**PROBLEM REQUIREMENTS**. Make an exact transcript of the lines in the data below, starting with the one containing "فأجاب فضيلته بقوله-: ما" and going on through the one containing "營口三干線寬闊的馬路有一半被凍成了溜冰場。", with both included and the pictures left out.
[[ GIVEN INFORMATION, beginning ]]
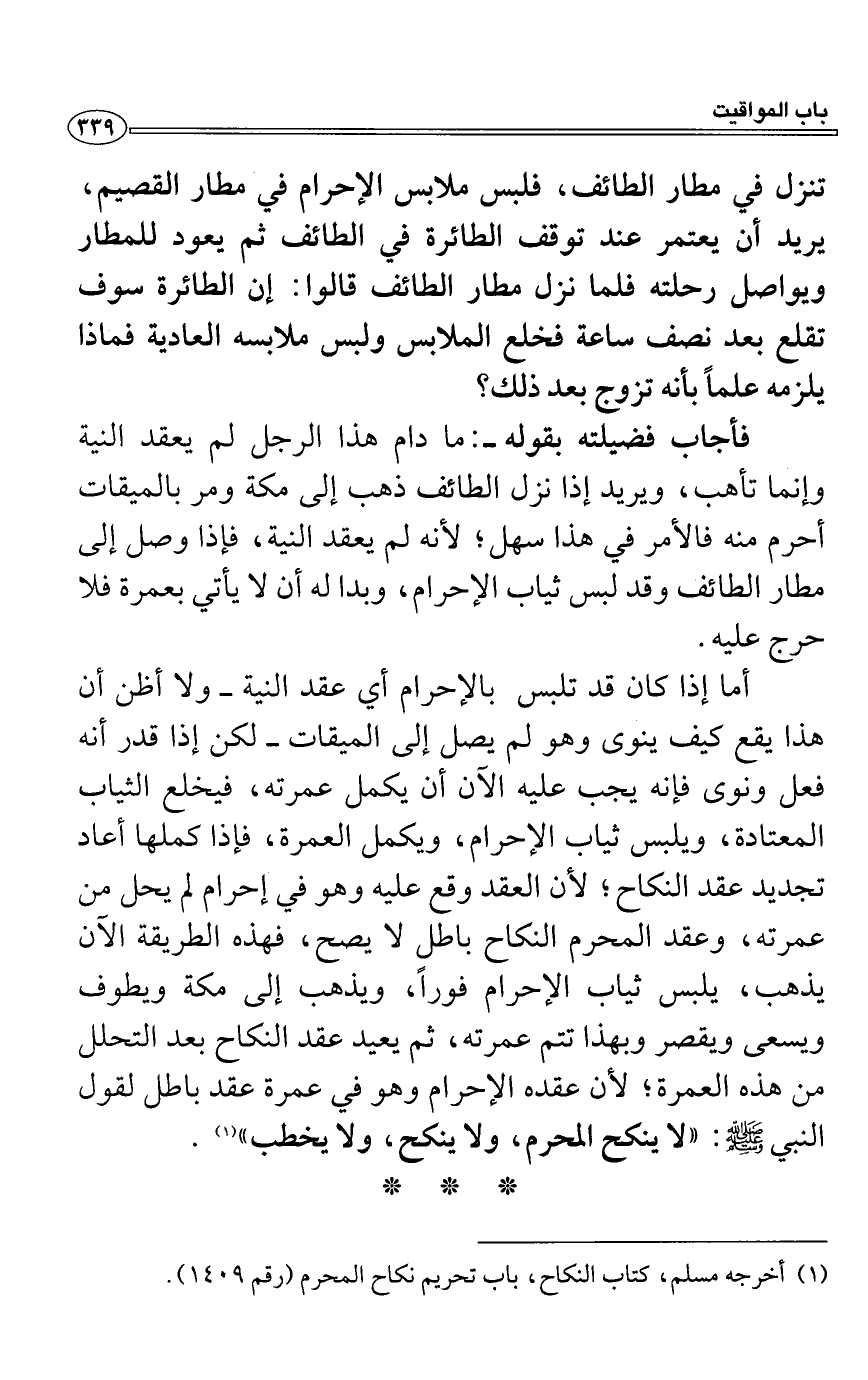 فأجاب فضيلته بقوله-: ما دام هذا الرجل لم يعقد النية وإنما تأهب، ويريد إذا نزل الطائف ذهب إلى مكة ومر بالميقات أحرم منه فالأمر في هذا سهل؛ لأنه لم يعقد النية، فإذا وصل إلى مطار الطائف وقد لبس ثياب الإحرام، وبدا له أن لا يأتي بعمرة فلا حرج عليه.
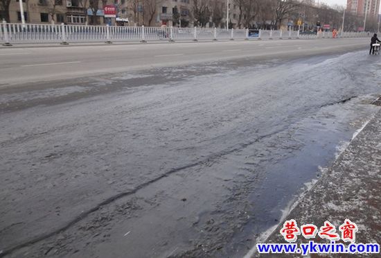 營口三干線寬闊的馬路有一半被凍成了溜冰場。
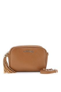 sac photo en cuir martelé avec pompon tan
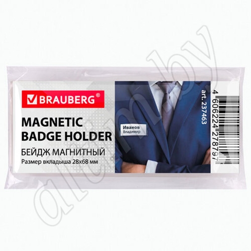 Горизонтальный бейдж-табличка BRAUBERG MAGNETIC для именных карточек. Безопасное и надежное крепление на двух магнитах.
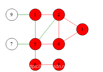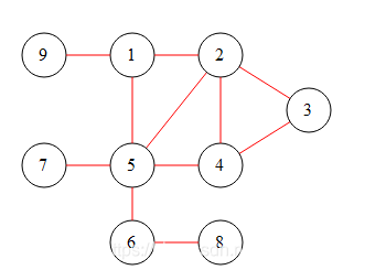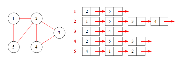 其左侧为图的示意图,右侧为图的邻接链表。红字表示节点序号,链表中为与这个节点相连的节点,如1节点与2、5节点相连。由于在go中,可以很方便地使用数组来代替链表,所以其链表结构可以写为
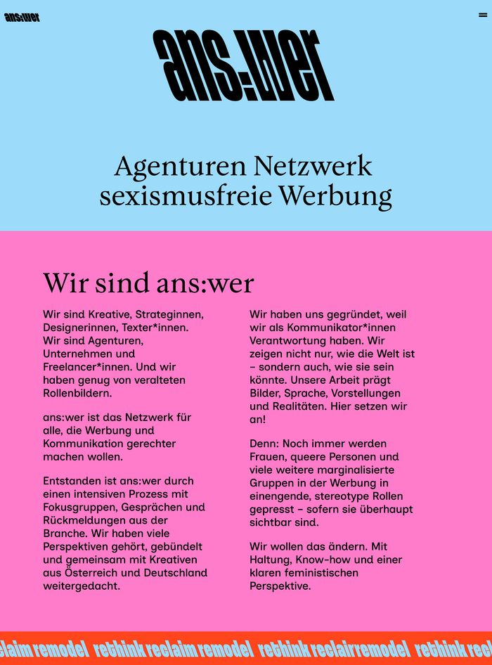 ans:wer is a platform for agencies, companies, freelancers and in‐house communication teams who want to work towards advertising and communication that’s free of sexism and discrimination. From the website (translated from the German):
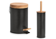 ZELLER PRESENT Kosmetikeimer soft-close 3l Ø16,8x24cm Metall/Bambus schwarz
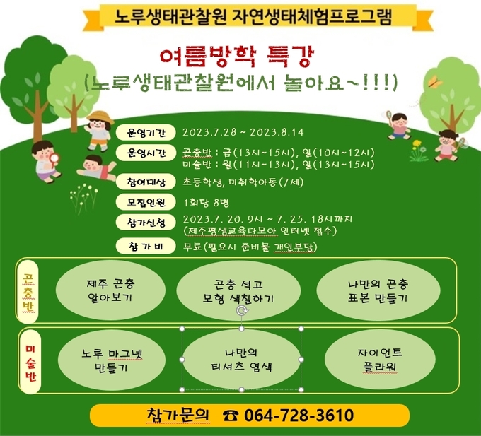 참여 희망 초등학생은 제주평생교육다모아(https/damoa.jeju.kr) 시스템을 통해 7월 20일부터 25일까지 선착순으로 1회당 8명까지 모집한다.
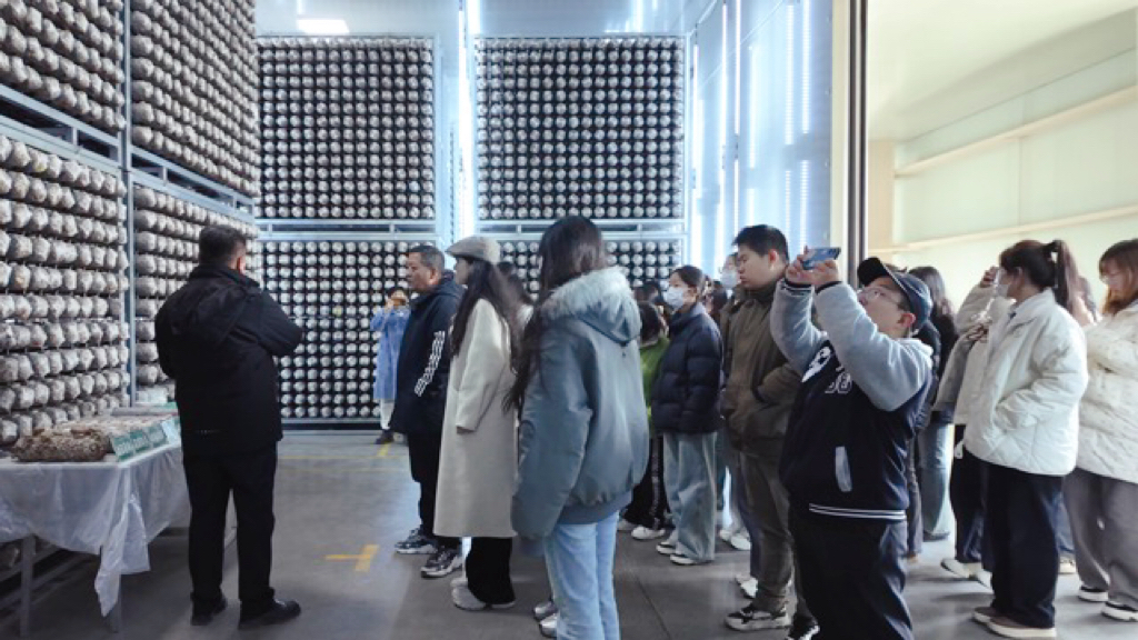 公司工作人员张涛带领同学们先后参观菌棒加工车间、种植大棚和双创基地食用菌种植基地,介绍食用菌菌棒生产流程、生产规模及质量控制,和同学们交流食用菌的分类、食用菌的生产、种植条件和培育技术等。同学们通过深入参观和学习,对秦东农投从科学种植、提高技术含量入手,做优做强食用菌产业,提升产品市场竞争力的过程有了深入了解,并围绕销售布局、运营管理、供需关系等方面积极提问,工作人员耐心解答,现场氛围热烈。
[[ GIVEN INFORMATION, end ]]
[[ GIVEN INFORMATION, beginning ]]
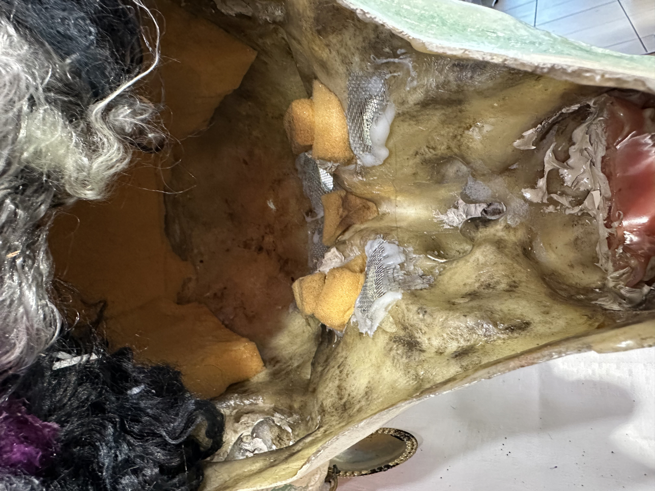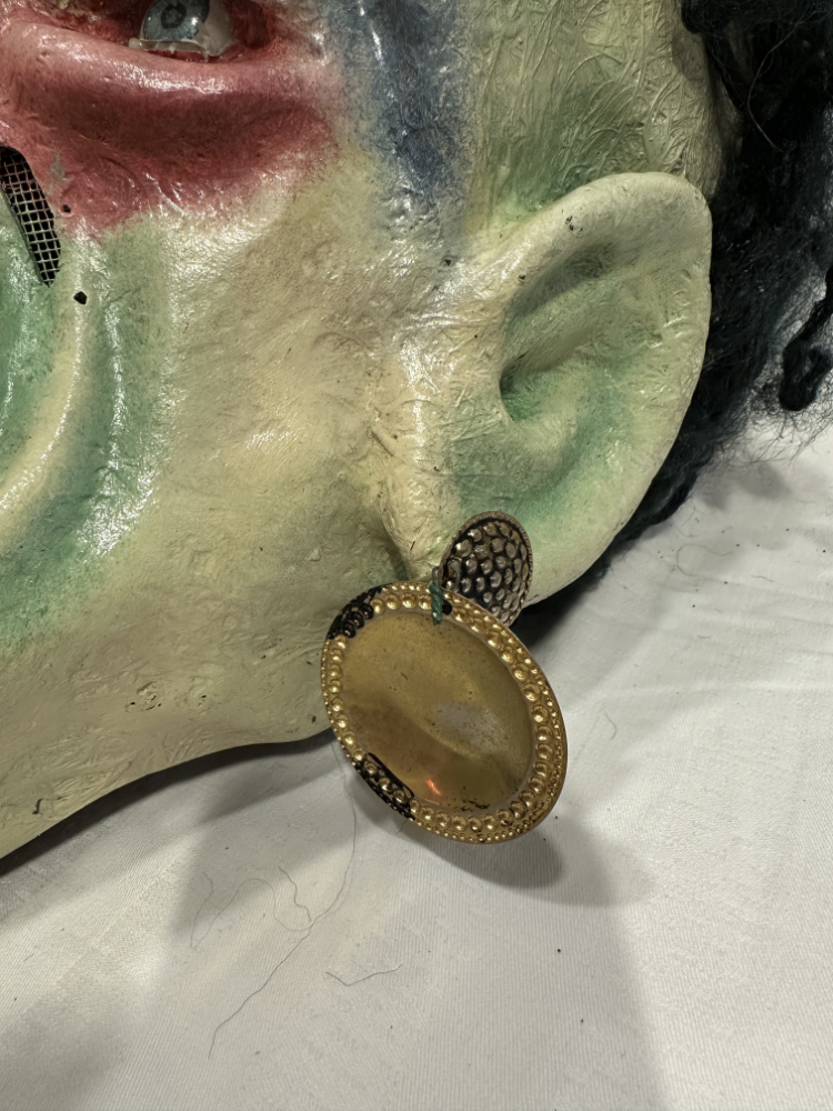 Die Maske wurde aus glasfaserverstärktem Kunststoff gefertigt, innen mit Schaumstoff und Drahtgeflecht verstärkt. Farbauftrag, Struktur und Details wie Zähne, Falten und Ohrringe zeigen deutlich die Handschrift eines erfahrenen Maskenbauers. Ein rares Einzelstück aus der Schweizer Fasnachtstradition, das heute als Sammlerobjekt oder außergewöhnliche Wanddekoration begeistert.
[[ GIVEN INFORMATION, end ]]
**REPLY**.
 فأجاب فضيلته بقوله-: ما دام هذا الرجل لم يعقد النية وإنما تأهب، ويريد إذا نزل الطائف ذهب إلى مكة ومر بالميقات أحرم منه فالأمر في هذا سهل؛ لأنه لم يعقد النية، فإذا وصل إلى مطار الطائف وقد لبس ثياب الإحرام، وبدا له أن لا يأتي بعمرة فلا حرج عليه.
 營口三干線寬闊的馬路有一半被凍成了溜冰場。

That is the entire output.